What you will do:
What is needed is an exact copy of the entries below, with every picture left out.
BEGIN
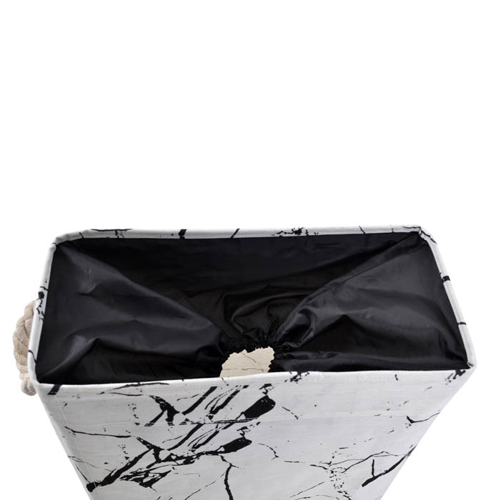 Καλάθι απλύτων υφασμάτινο σε άσπρο χρώμα με διακόσμηση εφέ μάρμαρου. Διαθέτει τέσσερα ροδάκια για εύκολη μεταφορά και είναι αναδιπλούμενο για εύκολη αποθήκευση. Κλείνει στην κορυφή με ύφασμα σουρώνοντας το κορδόνι και έχει χωρητικότητα 40 λίτρα.
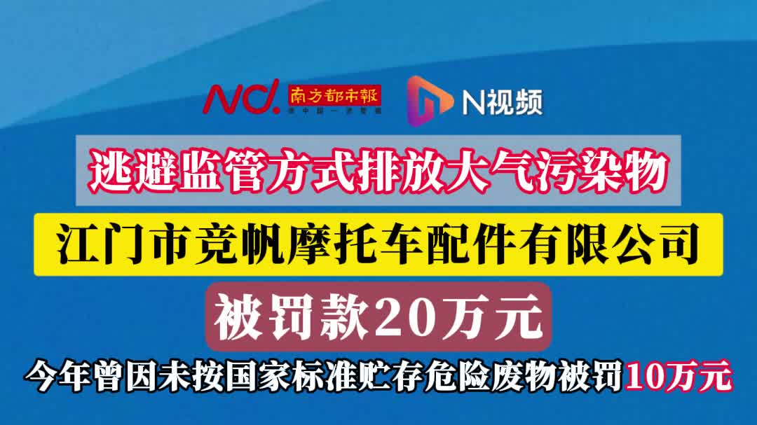 逃避监管排放污染物,江门市竞帆摩托车配件公司被罚20万元
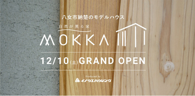株式会社イノウエハウジング(本社:福岡県八女市、代表取締役社長 井上正通)は、12/10(土)に八女市納楚に当社初となるモデルハウス「MOKKA(モッカ)」をオープンいたします。同モデルハウスは、当社の特徴である塗壁や無垢の板などの自然素材による“ぬくもりと住まい性能の高さ”を結集させた新ブランドです。このたび、「MOKKA」のオープンと合わせて八女出身のタレントである太田江莉奈さんをイメージモデルとして起用し、「八女出身の私が帰りたくなる家」をテーマに「八女の素材」にこだわったプロモーションを開始いたします。また、12/10(土)・11(日)には事前予約制にてオープニングイベントを開催。八女材を使用したオリジナルノベルティをはじめとしたプレゼントもご用意しておりますので、ぜひご予約の上ご来場ください。
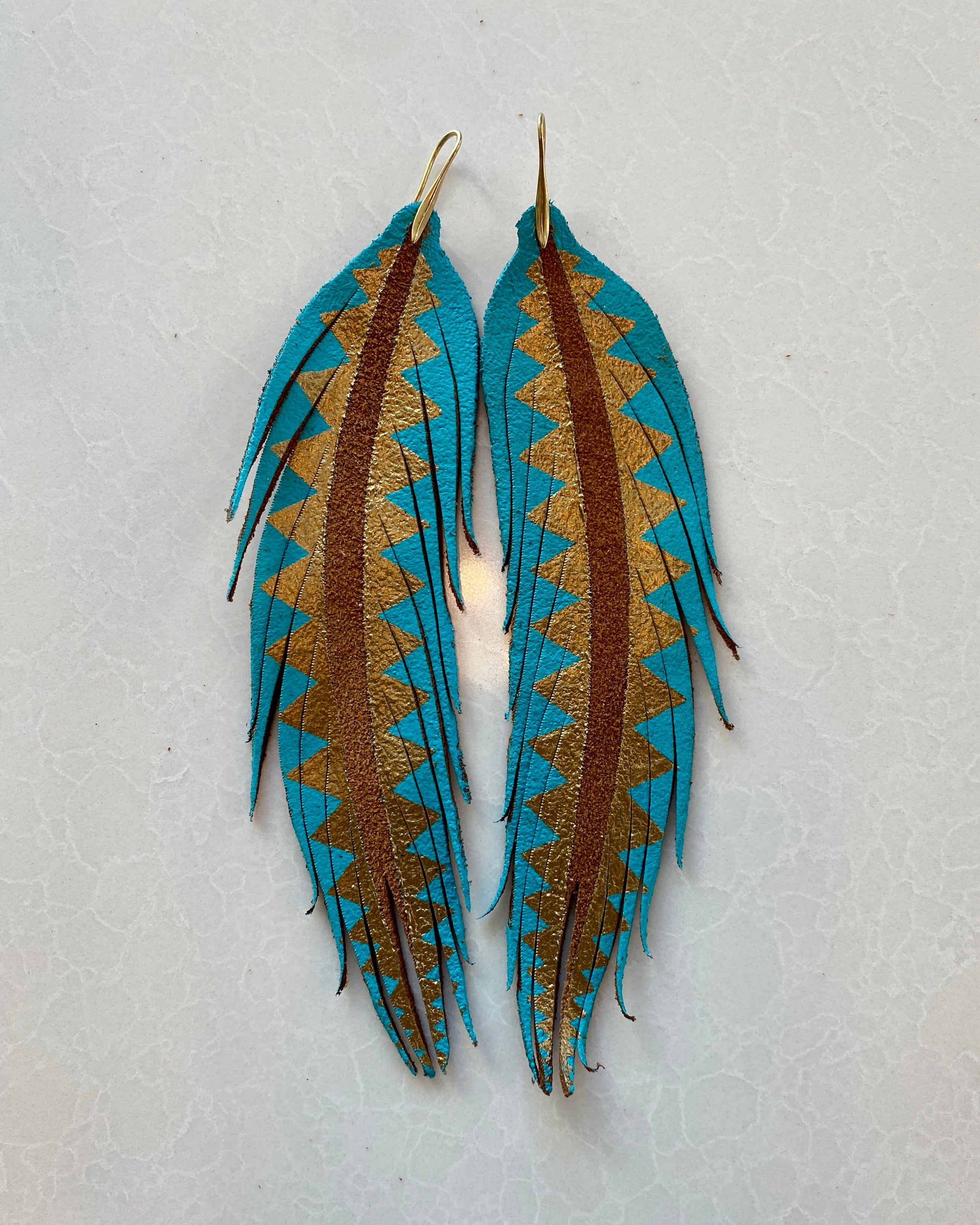 Long Triangle Gold and Turquoise Feather Earrings – Ellipsis Boutique
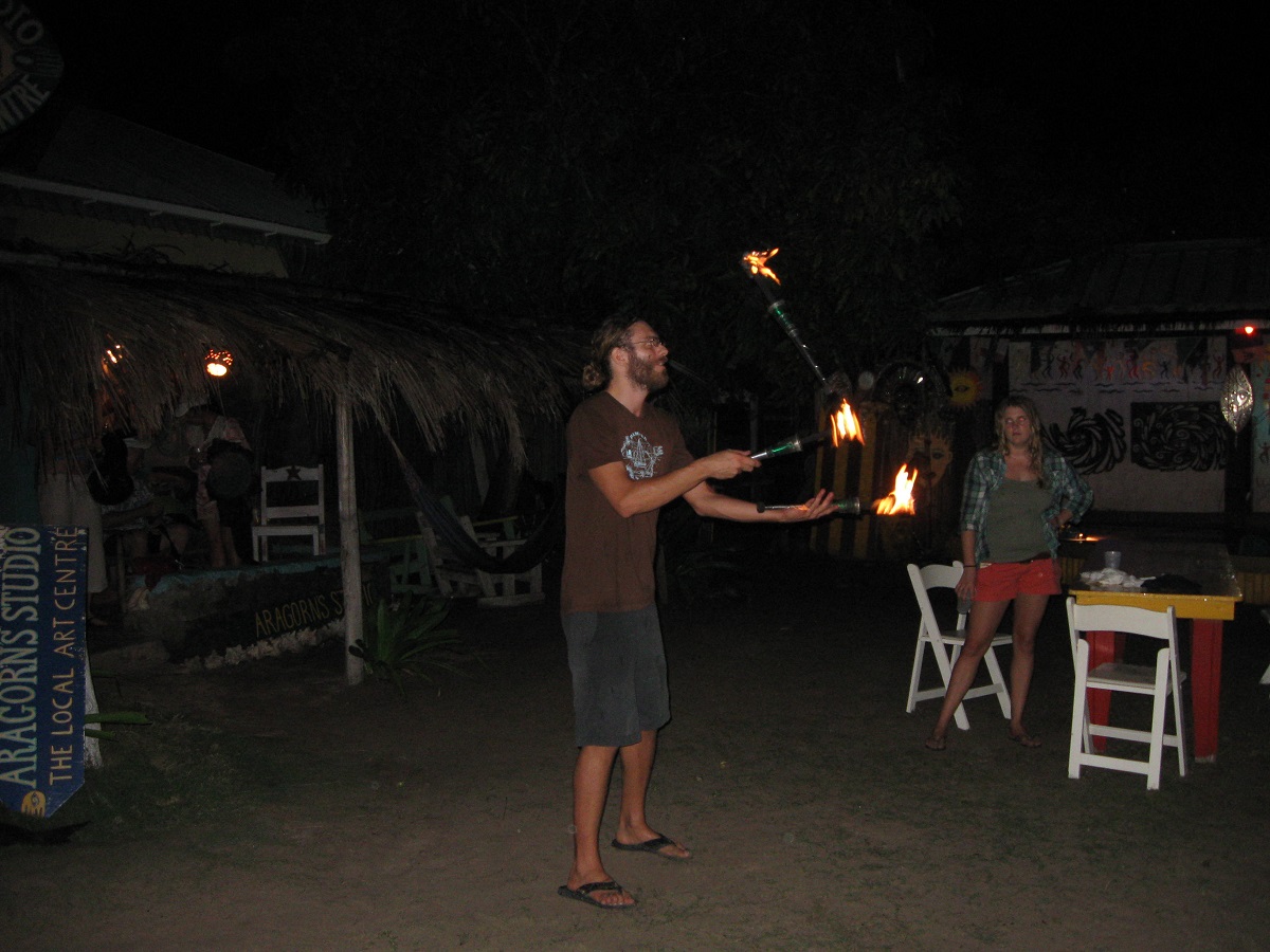 Juggling fire sticks
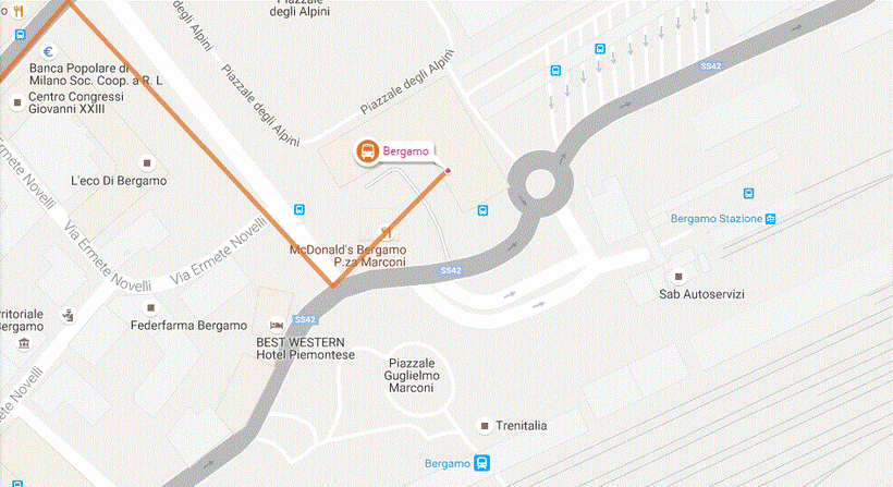 Автобусы в Бергамо отправляются с автостанции, расположенной на Via Bartolomeo Bono возле «Макдональдса». По времени путешествие занимает чуть больше одного часа.
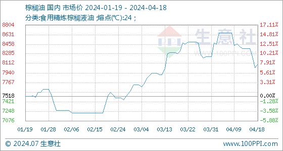 4月18日生意社棕榈油基准价为8038.00元/吨
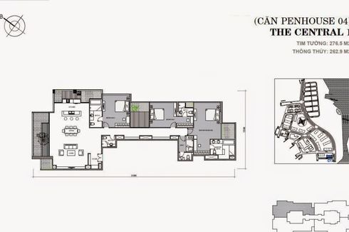 Căn hộ Penthouse tòa Central 1 DT 275m2 3PN thiết kế cao cấp view nhìn sông
END
Expected output:
 Καλάθι απλύτων υφασμάτινο σε άσπρο χρώμα με διακόσμηση εφέ μάρμαρου. Διαθέτει τέσσερα ροδάκια για εύκολη μεταφορά και είναι αναδιπλούμενο για εύκολη αποθήκευση. Κλείνει στην κορυφή με ύφασμα σουρώνοντας το κορδόνι και έχει χωρητικότητα 40 λίτρα.
 逃避监管排放污染物,江门市竞帆摩托车配件公司被罚20万元
株式会社イノウエハウジング(本社:福岡県八女市、代表取締役社長 井上正通)は、12/10(土)に八女市納楚に当社初となるモデルハウス「MOKKA(モッカ)」をオープンいたします。同モデルハウスは、当社の特徴である塗壁や無垢の板などの自然素材による“ぬくもりと住まい性能の高さ”を結集させた新ブランドです。このたび、「MOKKA」のオープンと合わせて八女出身のタレントである太田江莉奈さんをイメージモデルとして起用し、「八女出身の私が帰りたくなる家」をテーマに「八女の素材」にこだわったプロモーションを開始いたします。また、12/10(土)・11(日)には事前予約制にてオープニングイベントを開催。八女材を使用したオリジナルノベルティをはじめとしたプレゼントもご用意しておりますので、ぜひご予約の上ご来場ください。
 Long Triangle Gold and Turquoise Feather Earrings – Ellipsis Boutique
 Juggling fire sticks
 Автобусы в Бергамо отправляются с автостанции, расположенной на Via Bartolomeo Bono возле «Макдональдса». По времени путешествие занимает чуть больше одного часа.
 4月18日生意社棕榈油基准价为8038.00元/吨
 Căn hộ Penthouse tòa Central 1 DT 275m2 3PN thiết kế cao cấp view nhìn sông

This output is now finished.